No, but I think we should replace unemployment benefits with food. We get the food by harvesting the babies of people on welfare.
I find your modest proposal to be quite intriguing, and I shall be swift to subscribe to your newsletter.
I'm glad you weren't so gulliver as to think I was serious.
Good thing you didn't need to lilliput me in my place.
Bunch of Yahoos.
Thank god, Noralenderbee, thank you. I was going to attempt, "I knew you were going to luggnagg them into it" but it was going to be so sad. I am done. Completely outclassed.
No Brob!
Who would have guessed what this lilliputian thing would grow in to?
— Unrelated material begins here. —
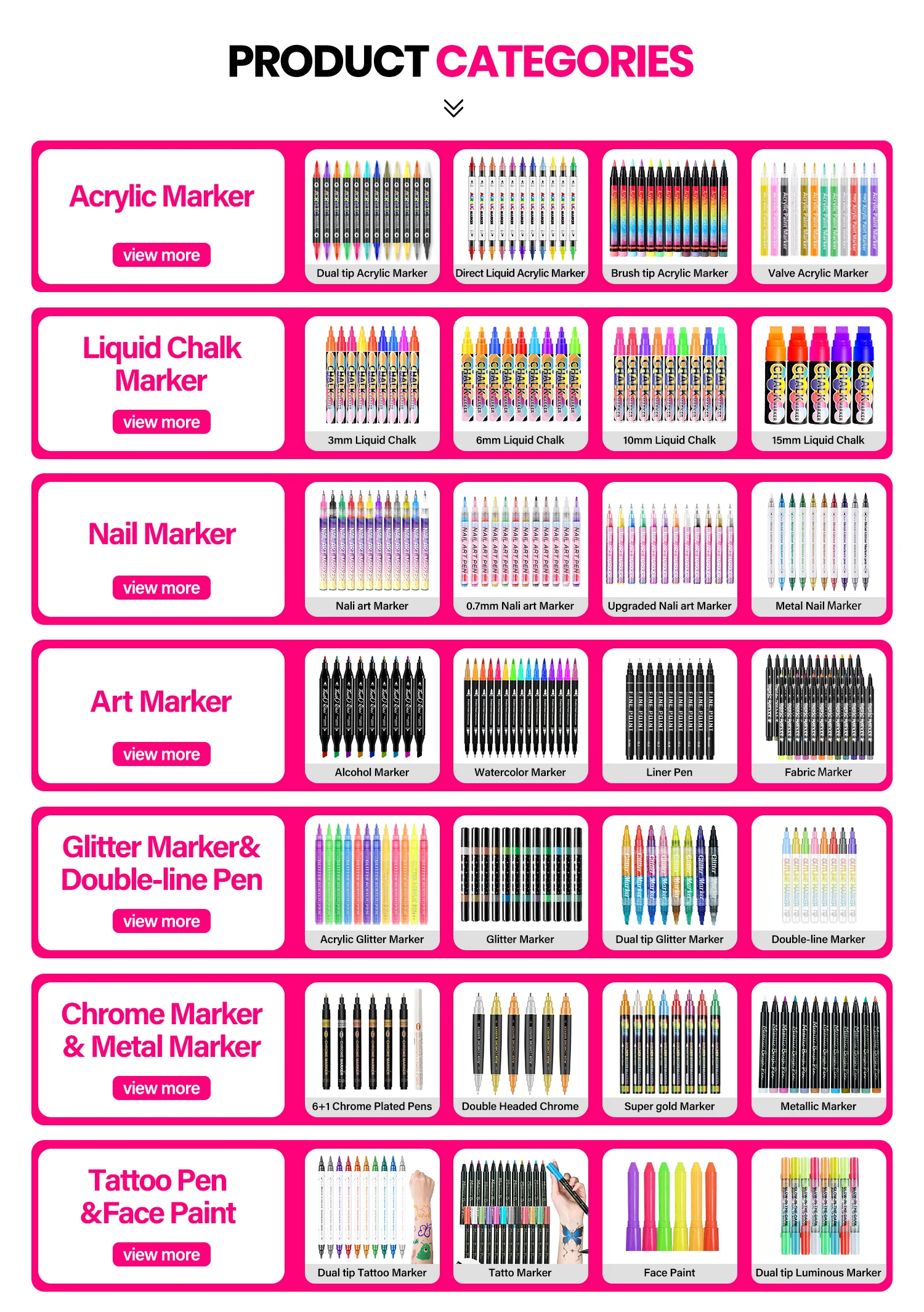 Ana ürünler:Tebeşir işaretleyici, akrilik boya kalemi, fırça işaretleme kalemleri, tırnak işaretleyici, anahat işaretleyici

It was all so swift!
This exchange has left me lagadoed out. Now if you'll excuse me, I need to go beat my gardener Stella. If I don't appropriately motivate her, the old bag of bones mows the lawn so poorly that the neighbors believe I don't pay her enough.
Well I say 25¢ an hour, all the cold gruel she can eat (up to half a cup a day!), and the rental of our leaky shed at only $20/week should be generous enough for anybody to take pride in their labors and make something of themselves. The problem is, everyone is lazy and nobody values true labor anymore. Well you know what? I started out with less. Bootstraps, people!
...perhaps if I start charging her for the precious time I have to take to discipline her until she glubbdubdribs, she'll finally understand how valuable a service it truly is, and she'll finally express the appropriate level of gratitude for all the free beatings I've administered over the years.